## About this exercise
While you copy the lines below, skip the pictures and keep the rest exact.

## The input
--- START ---

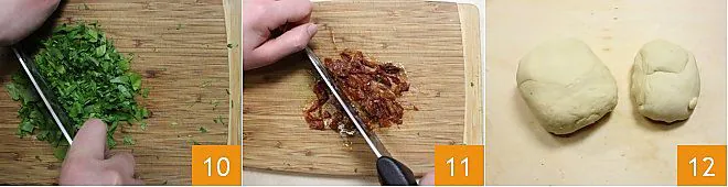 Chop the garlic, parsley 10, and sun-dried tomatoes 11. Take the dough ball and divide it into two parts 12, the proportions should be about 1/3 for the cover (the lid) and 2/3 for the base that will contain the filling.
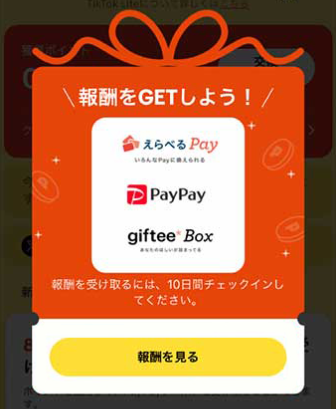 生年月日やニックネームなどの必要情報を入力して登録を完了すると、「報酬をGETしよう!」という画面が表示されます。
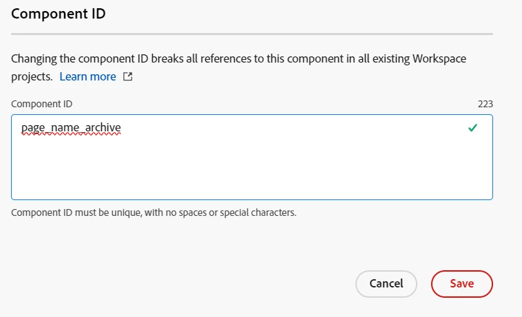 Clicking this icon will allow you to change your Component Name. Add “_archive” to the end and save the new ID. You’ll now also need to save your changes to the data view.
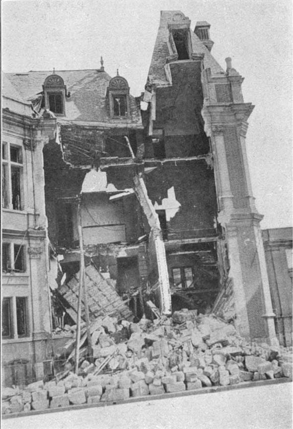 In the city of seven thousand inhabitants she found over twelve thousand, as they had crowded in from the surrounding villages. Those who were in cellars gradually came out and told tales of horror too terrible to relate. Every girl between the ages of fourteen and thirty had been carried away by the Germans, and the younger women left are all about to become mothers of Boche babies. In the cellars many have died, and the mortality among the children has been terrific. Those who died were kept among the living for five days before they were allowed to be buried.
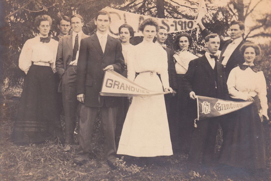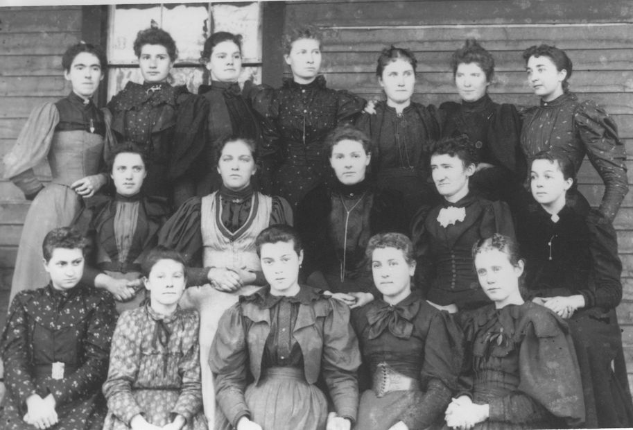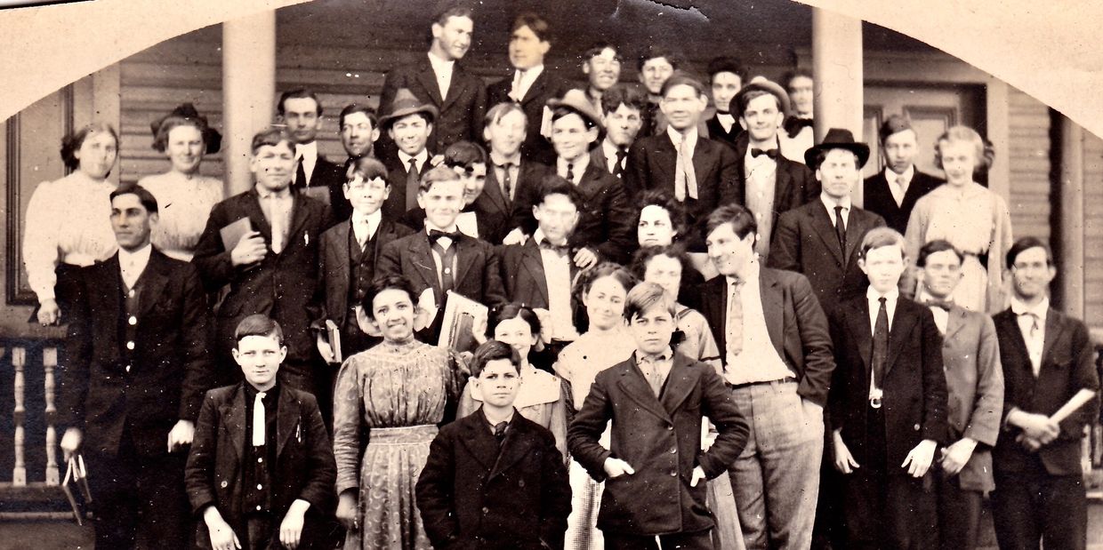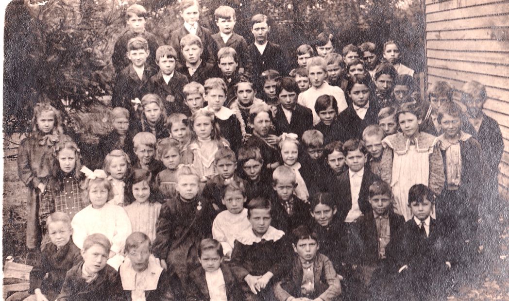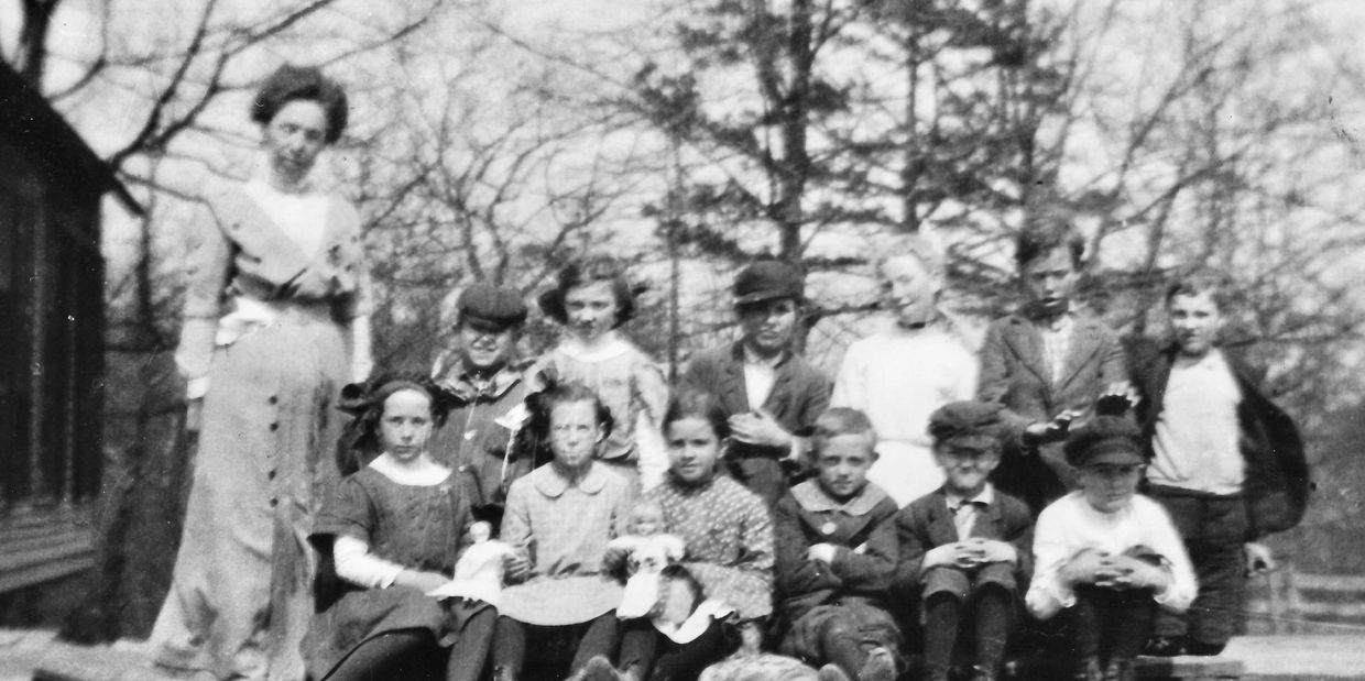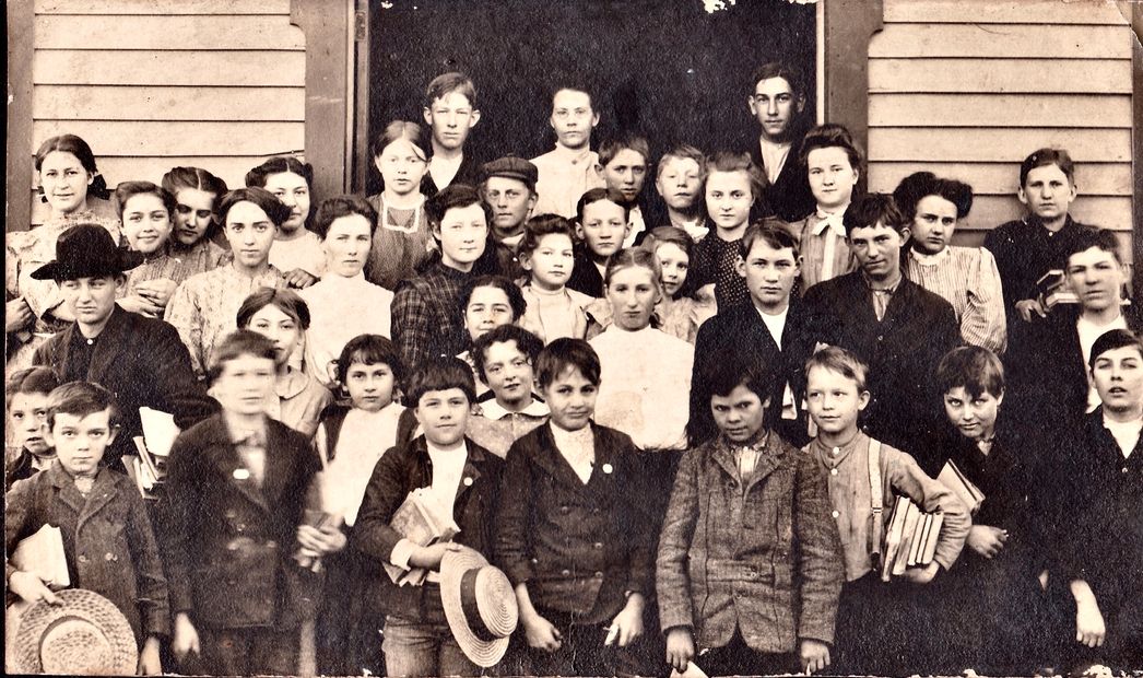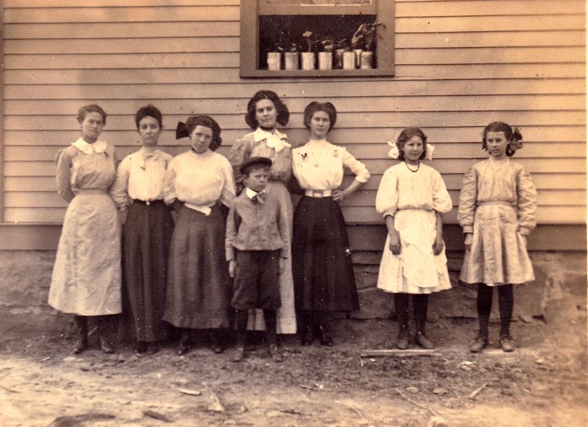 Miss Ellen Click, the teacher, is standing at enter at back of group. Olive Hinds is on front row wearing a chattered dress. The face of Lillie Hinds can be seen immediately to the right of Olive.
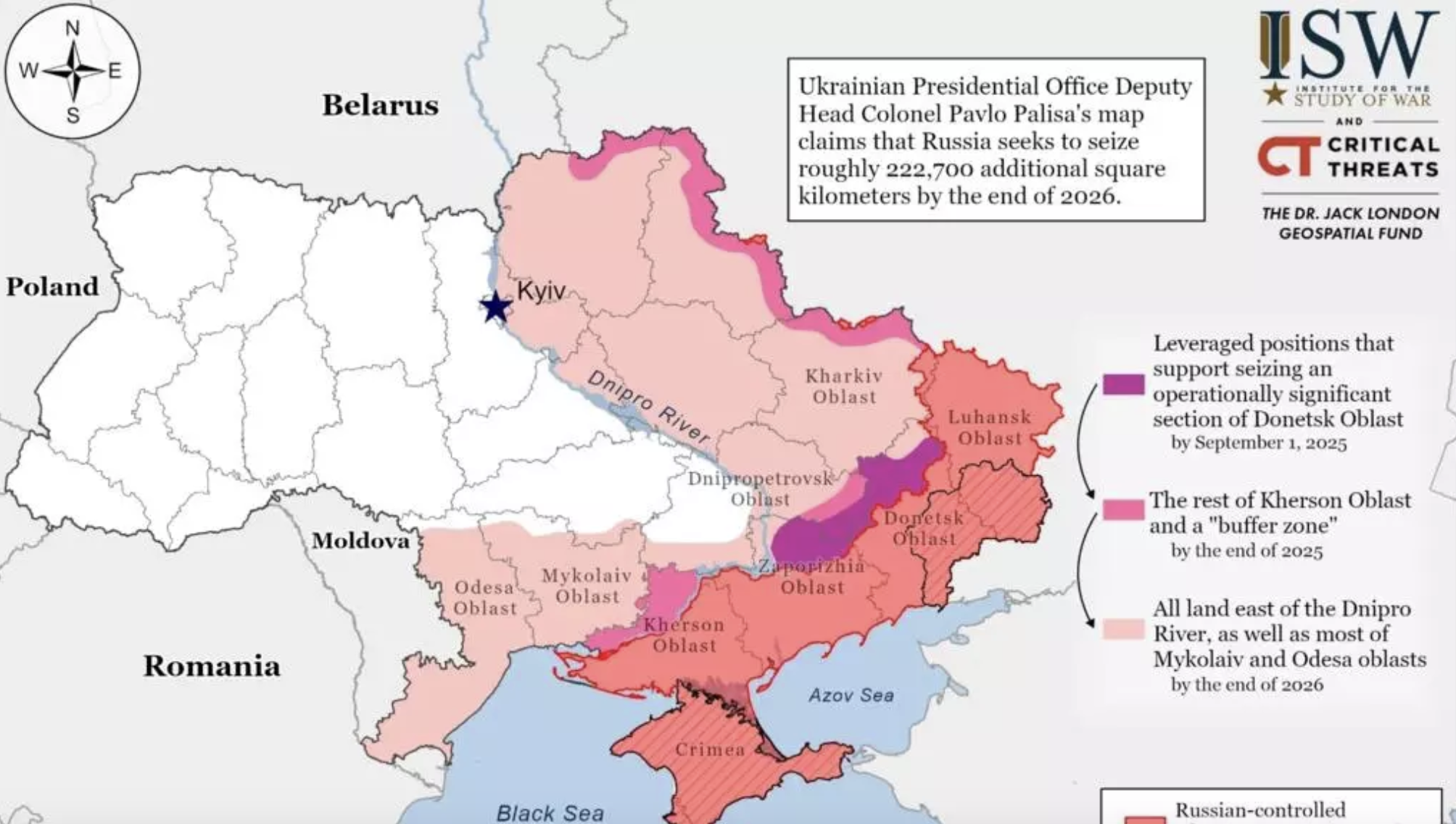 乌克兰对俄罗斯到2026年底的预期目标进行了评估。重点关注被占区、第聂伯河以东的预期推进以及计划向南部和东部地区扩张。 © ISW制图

--- END ---

## Result of the task
 Chop the garlic, parsley 10, and sun-dried tomatoes 11. Take the dough ball and divide it into two parts 12, the proportions should be about 1/3 for the cover (the lid) and 2/3 for the base that will contain the filling.
 生年月日やニックネームなどの必要情報を入力して登録を完了すると、「報酬をGETしよう!」という画面が表示されます。
 Clicking this icon will allow you to change your Component Name. Add “_archive” to the end and save the new ID. You’ll now also need to save your changes to the data view.
 In the city of seven thousand inhabitants she found over twelve thousand, as they had crowded in from the surrounding villages. Those who were in cellars gradually came out and told tales of horror too terrible to relate. Every girl between the ages of fourteen and thirty had been carried away by the Germans, and the younger women left are all about to become mothers of Boche babies. In the cellars many have died, and the mortality among the children has been terrific. Those who died were kept among the living for five days before they were allowed to be buried.
 Miss Ellen Click, the teacher, is standing at enter at back of group. Olive Hinds is on front row wearing a chattered dress. The face of Lillie Hinds can be seen immediately to the right of Olive.
 乌克兰对俄罗斯到2026年底的预期目标进行了评估。重点关注被占区、第聂伯河以东的预期推进以及计划向南部和东部地区扩张。 © ISW制图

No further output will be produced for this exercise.